BEGIN
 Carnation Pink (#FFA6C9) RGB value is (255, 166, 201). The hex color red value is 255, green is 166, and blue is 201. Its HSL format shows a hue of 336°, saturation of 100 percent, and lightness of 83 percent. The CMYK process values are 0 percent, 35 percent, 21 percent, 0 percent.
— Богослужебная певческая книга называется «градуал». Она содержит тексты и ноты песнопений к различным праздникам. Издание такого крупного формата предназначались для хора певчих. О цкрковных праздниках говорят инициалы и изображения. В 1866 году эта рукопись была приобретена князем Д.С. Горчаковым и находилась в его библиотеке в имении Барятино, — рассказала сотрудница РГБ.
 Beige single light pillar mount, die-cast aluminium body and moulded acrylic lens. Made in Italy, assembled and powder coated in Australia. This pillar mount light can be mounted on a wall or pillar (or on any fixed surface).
END
BEGIN
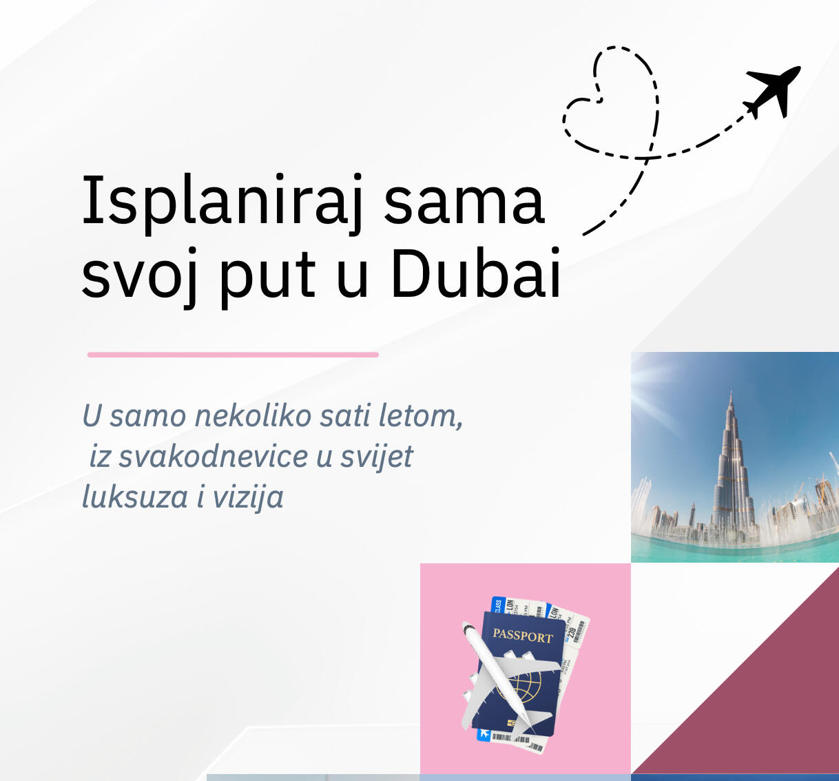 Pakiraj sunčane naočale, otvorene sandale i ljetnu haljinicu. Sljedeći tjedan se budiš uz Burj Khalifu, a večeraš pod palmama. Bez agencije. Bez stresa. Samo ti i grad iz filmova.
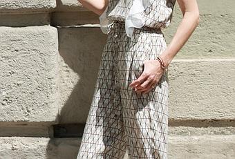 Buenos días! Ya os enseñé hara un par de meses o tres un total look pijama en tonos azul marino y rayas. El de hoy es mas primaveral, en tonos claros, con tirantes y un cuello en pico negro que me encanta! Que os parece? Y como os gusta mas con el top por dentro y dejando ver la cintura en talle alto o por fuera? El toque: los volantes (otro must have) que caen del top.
END
● **ASSIGNED TASK**: In the material above, locate the line containing "Carnation Pink (#FFA6C9)" and the line containing "рассказала сотрудница РГБ.". Transcribe exactly those two lines and every line between them, and nothing more.

● **RESPONSE**:
 Carnation Pink (#FFA6C9) RGB value is (255, 166, 201). The hex color red value is 255, green is 166, and blue is 201. Its HSL format shows a hue of 336°, saturation of 100 percent, and lightness of 83 percent. The CMYK process values are 0 percent, 35 percent, 21 percent, 0 percent.
— Богослужебная певческая книга называется «градуал». Она содержит тексты и ноты песнопений к различным праздникам. Издание такого крупного формата предназначались для хора певчих. О цкрковных праздниках говорят инициалы и изображения. В 1866 году эта рукопись была приобретена князем Д.С. Горчаковым и находилась в его библиотеке в имении Барятино, — рассказала сотрудница РГБ.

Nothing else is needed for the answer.